I can only blog from my perspective and this girl has been in a state of trauma this past week. They say there is always a “let down” for all involved in the planning of a wedding. I can say my let down began when we exited the church last Saturday to a down pour of 3 inches of rain in an hour. I know you’ve all been there. You’ve planned an event and had a vision of how it would play out. I had visions of Lori’s cookies and fancy cupcakes dancing in my head. Moonlight dancing under the beautiful lighted canopy constructed from saplings by our son’s now father-in-law. Etceteraaaa. Etceteraaaa. You name it. We had it figured out.
The ceremony was spectacular. I felt a peace and calm from the whole congregation. I could have sat there the entire day. THEN…….
We arrived at our house where the reception was to be held.
It wasn’t a bad deal if you didn’t mind swimming with moles, voles, snakes and near extinct turtles.

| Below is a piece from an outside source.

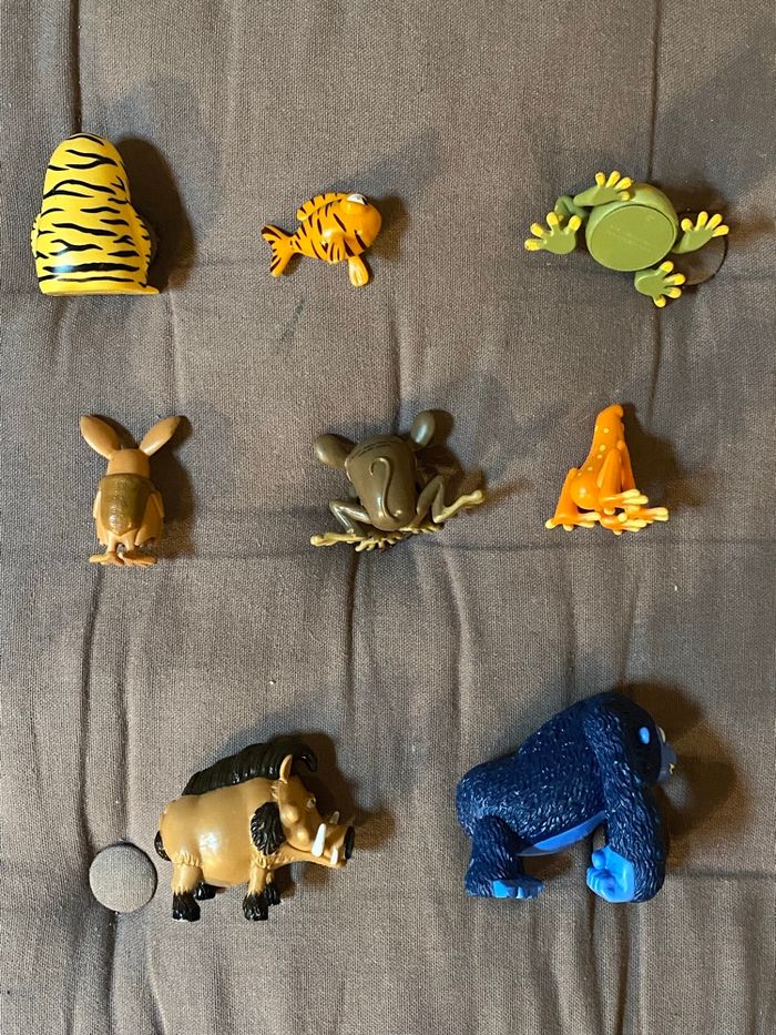 La collection des 8 figurines Les As de la jungle à la rescousse est complète. Maurice le guerrier tigre, Junior le poisson tigre, Gilbert le tarsier, Batricia la chauve-souris, Miguel le gorille, Fred le phacochère copain cochon, Al le crapaud orange et Bob le crapaud vert. Compatibles avec le repaire des As. Idéal pour les fans qui veulent partir en mission Prix non négociable D'autres figurines des As de la jungle dans mon dressing.

Oh, and adding the wet/dry vac activity to the agenda so all the people could suck the water and mud out of their cars.
Every vision and plan was thrown by the wayside in a matter of 30 minutes. In my head, I just wanted to go to bed and hide from what my eyes were looking at.
The great thing was that I didn’t meet a person all day that did not have a great sense of humor and many thought it only added to the festive atmosphere. “Really?” I kept saying. One gal came up and said, “I LOVE rain at weddings. It means that God is washing over the couple with many blessings!” That quote was my life-preserver that day. No pun intended.
The bride and groom, along with all of their friends, had a ball. I think they were a little dumbstruck, as we were, but I think age was on their side considering it has taken me a week to stop staring out the window paralyzed.
I had to bat myself on the head midweek finally. I was so fixated on all the wasn’t and should have been. What about the mountain of blessings that took place? What about the killer ceremony that took place that united my son to Emily forever. They are now one. What about the fact that Eric and Emily’s faith in God is growing? What about the weekend of huge fun (and challenge) with our new in-laws that are just awesome? They came three days early and worked their tails off with us and stayed three days after and worked their tails off. What about all the people who were here that obviously care so much for us? What about all the people, many of whom I do not know, that pitched in and helped out when they saw we so desperately needed their help that day? That blew my mind.
I was working in my studio yesterday when I felt God speak to me. I love when that happens. Sometimes it is clear and wonderful. (wonderful doesn’t mean warm and cozy. Many times it is “oh no” wonderful. It’s wonderful cuz I actually hear when He is speaking) He said, “What makes you think that what you had planned was what was supposed to happen? What makes you think it was the right thing?” Ouch. But, you know what? It was a relief to hear that. Took the pressure off. So I said back, ” Yeah. What made me think? Forgit that, man.”